▸ Prompt: Could you restate word for word only the lines below from the one holding "冷凍しておいたパンケーキでランチプレートしましてん : at" to the one holding "微電級:應用于液晶、半導體、線路板、碳納米管等高端微電子行業(yè)。", inclusive, and leave out the pictures?

Records provided START

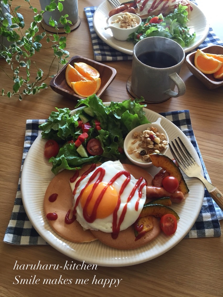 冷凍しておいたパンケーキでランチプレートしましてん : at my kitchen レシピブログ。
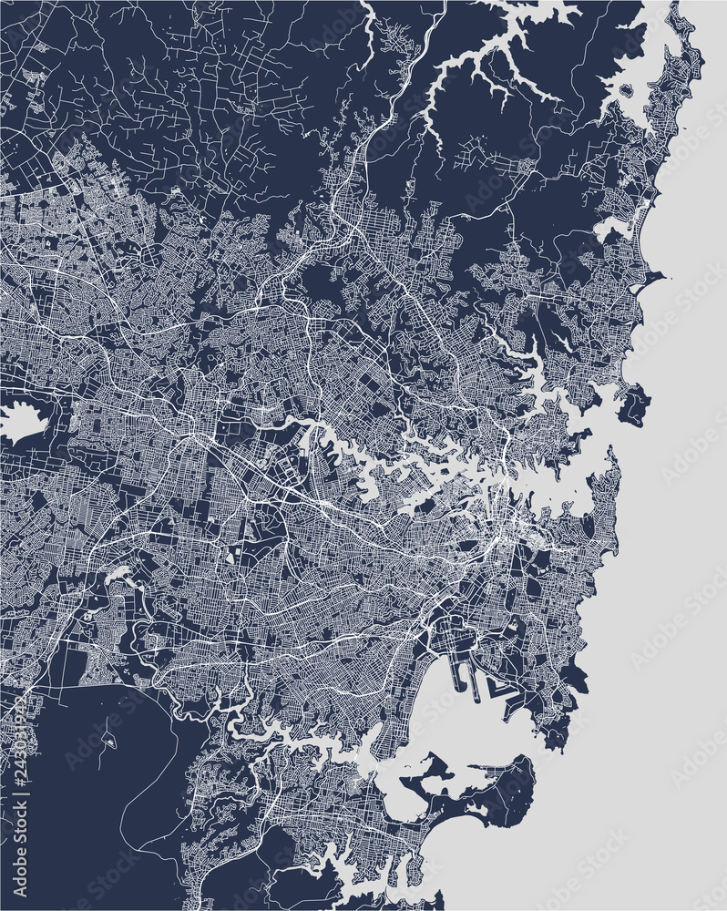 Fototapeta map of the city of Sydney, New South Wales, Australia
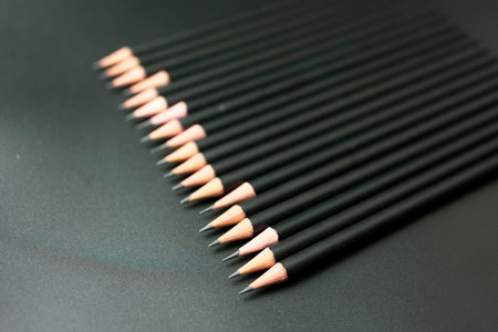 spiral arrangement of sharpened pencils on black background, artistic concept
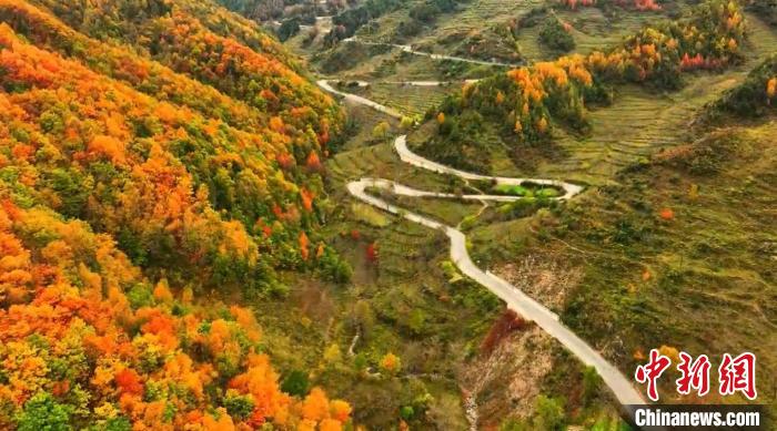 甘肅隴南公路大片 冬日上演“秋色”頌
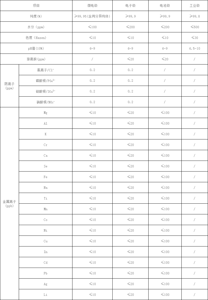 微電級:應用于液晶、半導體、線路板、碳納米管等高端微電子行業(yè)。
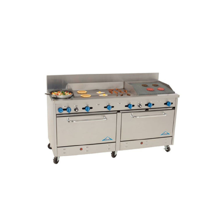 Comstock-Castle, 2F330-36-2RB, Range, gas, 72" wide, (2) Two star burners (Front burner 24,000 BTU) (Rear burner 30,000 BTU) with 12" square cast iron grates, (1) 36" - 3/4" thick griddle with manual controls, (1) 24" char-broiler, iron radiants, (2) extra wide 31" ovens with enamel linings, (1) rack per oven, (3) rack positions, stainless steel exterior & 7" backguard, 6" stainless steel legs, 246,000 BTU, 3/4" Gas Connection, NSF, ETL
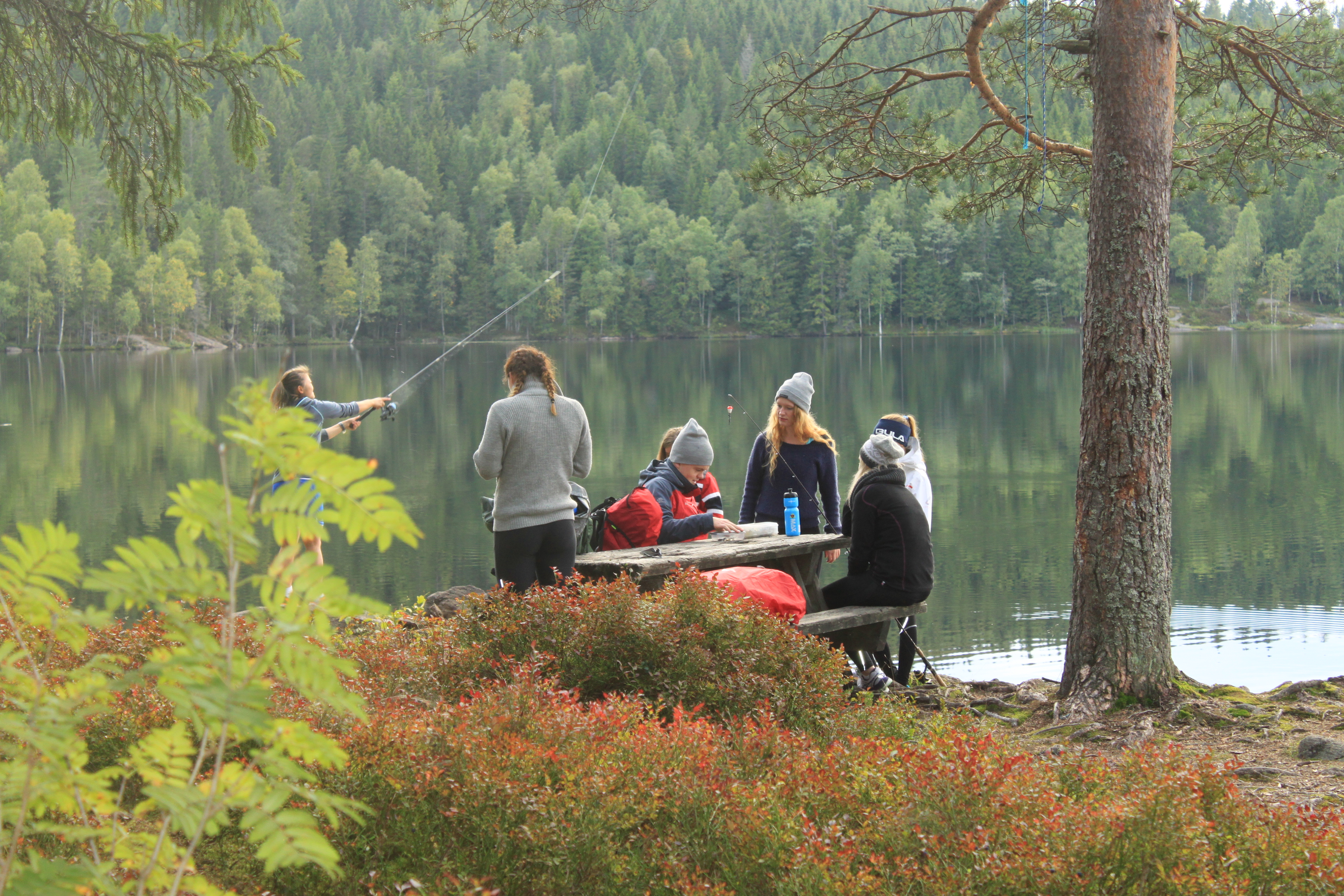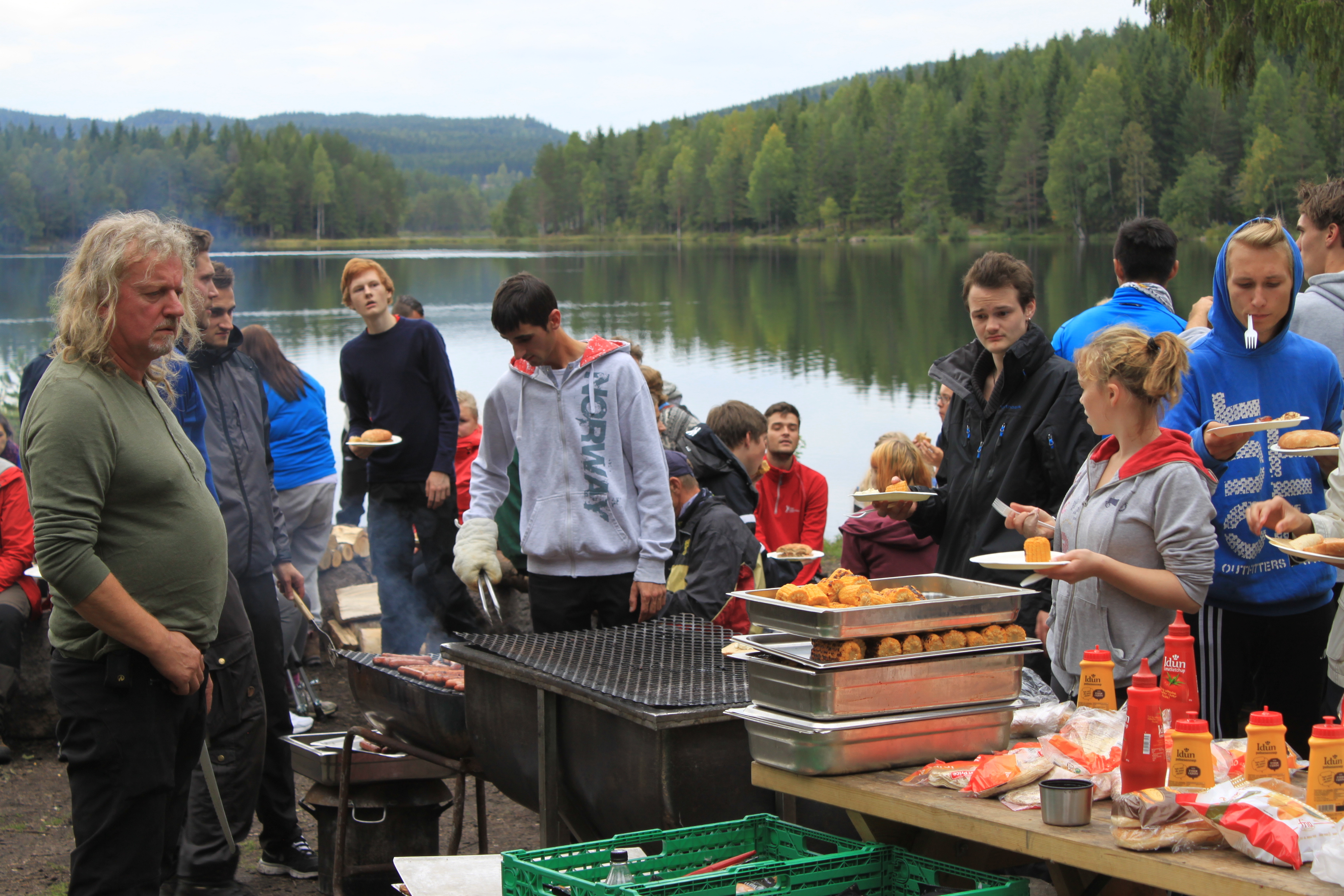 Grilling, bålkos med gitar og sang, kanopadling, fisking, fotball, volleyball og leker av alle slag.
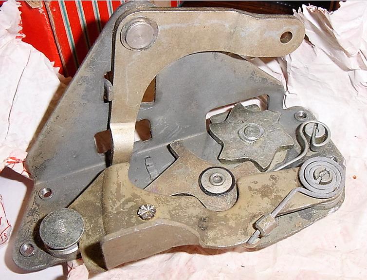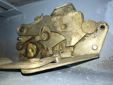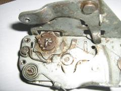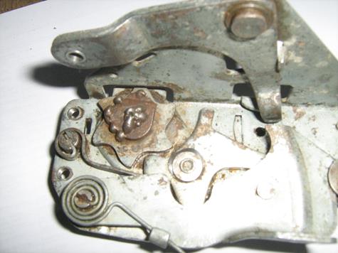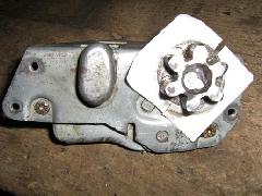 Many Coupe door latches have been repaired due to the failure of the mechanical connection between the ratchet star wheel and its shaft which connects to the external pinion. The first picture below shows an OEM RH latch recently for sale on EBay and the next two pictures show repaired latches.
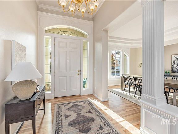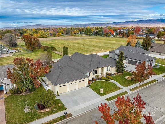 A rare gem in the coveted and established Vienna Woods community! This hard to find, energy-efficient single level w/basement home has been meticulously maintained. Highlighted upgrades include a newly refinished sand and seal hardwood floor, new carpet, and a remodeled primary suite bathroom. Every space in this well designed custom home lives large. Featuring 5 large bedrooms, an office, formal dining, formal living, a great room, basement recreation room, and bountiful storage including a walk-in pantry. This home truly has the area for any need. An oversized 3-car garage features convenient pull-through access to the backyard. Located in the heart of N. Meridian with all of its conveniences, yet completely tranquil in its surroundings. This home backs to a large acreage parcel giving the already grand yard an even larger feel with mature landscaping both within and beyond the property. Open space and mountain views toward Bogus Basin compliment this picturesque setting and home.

Records provided END
Records provided START

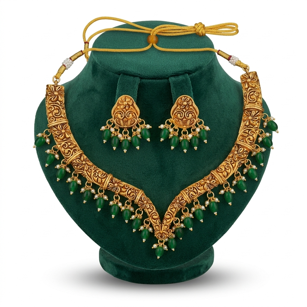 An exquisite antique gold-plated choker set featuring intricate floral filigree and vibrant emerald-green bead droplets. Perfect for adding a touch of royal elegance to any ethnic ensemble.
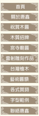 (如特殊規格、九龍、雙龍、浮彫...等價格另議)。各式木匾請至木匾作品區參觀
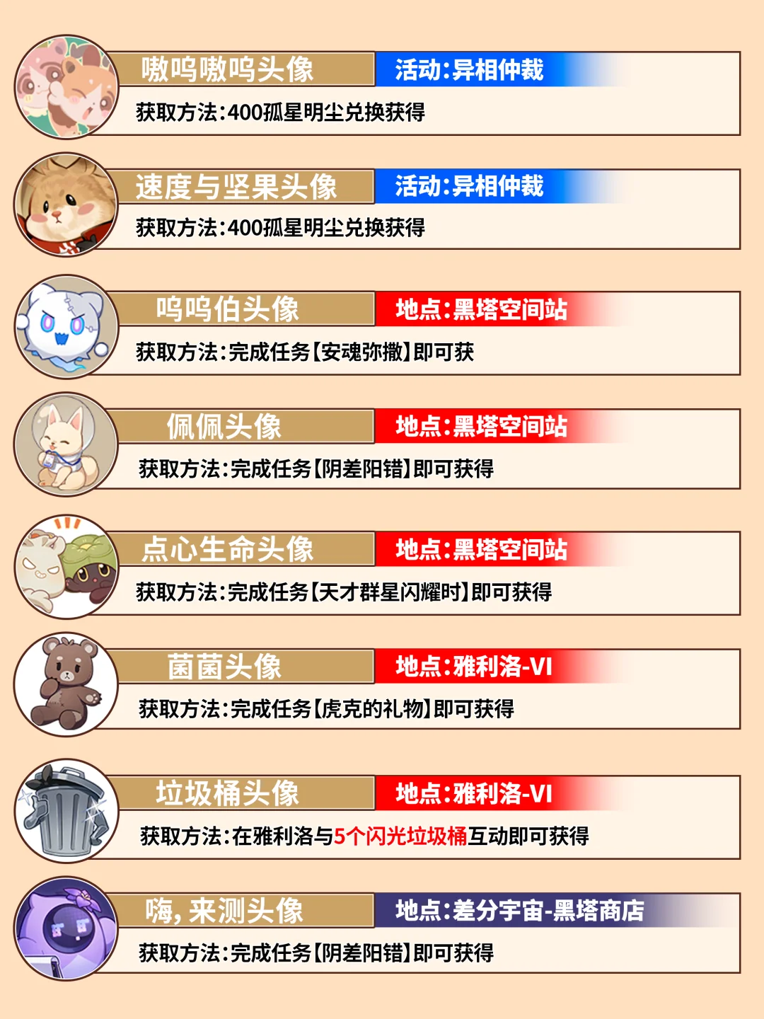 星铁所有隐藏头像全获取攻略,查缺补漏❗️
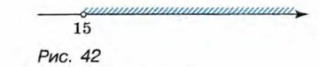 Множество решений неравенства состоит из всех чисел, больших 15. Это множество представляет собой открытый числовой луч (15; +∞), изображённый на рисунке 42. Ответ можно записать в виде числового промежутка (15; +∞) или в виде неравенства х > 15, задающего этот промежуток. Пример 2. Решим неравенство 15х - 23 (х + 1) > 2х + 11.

Records provided END
Records provided START

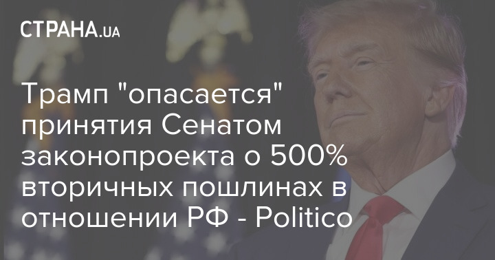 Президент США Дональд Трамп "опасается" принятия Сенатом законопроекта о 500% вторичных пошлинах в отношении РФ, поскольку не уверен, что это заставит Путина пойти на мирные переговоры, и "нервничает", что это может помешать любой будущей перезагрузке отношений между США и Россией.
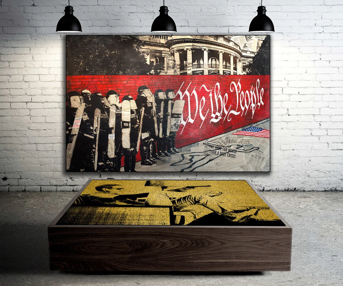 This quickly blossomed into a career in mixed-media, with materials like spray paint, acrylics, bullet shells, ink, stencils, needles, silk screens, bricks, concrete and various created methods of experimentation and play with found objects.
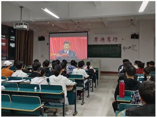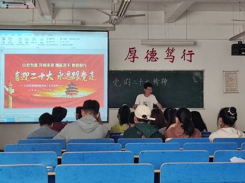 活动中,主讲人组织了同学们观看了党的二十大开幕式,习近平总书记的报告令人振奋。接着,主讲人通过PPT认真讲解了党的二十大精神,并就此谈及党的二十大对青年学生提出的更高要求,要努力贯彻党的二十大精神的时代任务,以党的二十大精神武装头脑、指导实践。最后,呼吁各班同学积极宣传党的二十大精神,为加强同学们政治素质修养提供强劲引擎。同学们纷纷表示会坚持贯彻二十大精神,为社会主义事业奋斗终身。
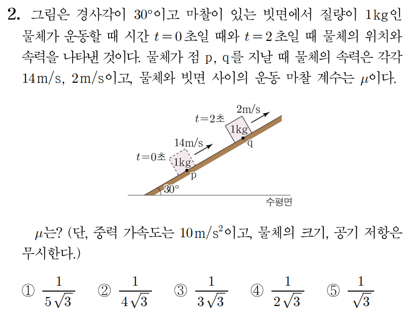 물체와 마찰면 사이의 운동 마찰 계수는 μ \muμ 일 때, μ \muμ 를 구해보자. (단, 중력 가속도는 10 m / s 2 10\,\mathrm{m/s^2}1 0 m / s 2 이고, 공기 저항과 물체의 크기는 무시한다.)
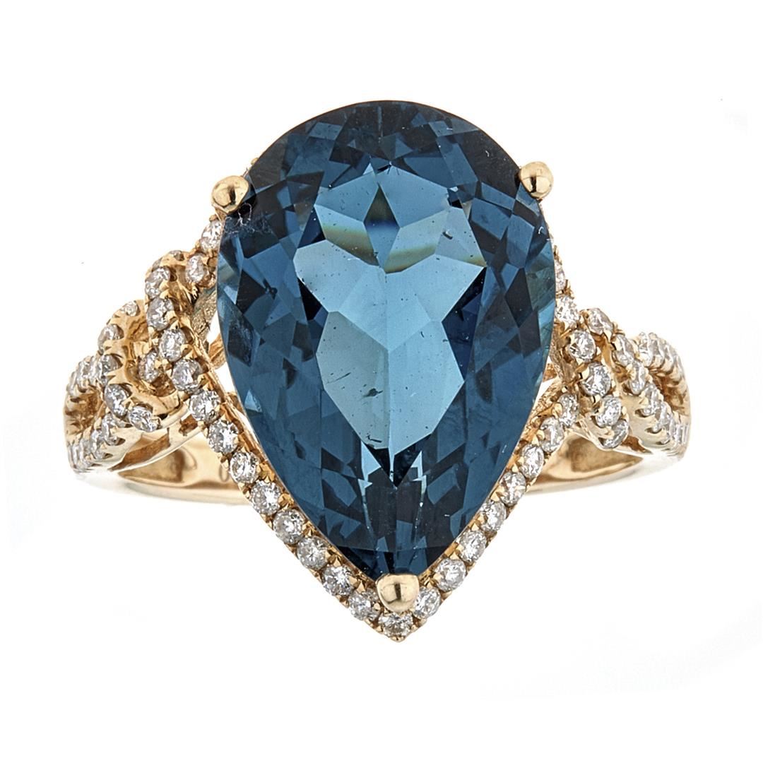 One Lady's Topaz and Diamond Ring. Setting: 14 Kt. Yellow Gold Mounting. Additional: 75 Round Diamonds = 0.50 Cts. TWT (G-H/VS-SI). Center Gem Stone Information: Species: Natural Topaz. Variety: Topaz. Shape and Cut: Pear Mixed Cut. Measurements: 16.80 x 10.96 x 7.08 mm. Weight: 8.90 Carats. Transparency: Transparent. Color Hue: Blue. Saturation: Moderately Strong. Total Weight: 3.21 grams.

Records provided END

▸ Answer below:
 冷凍しておいたパンケーキでランチプレートしましてん : at my kitchen レシピブログ。
 Fototapeta map of the city of Sydney, New South Wales, Australia
 spiral arrangement of sharpened pencils on black background, artistic concept
 甘肅隴南公路大片 冬日上演“秋色”頌
 微電級:應用于液晶、半導體、線路板、碳納米管等高端微電子行業(yè)。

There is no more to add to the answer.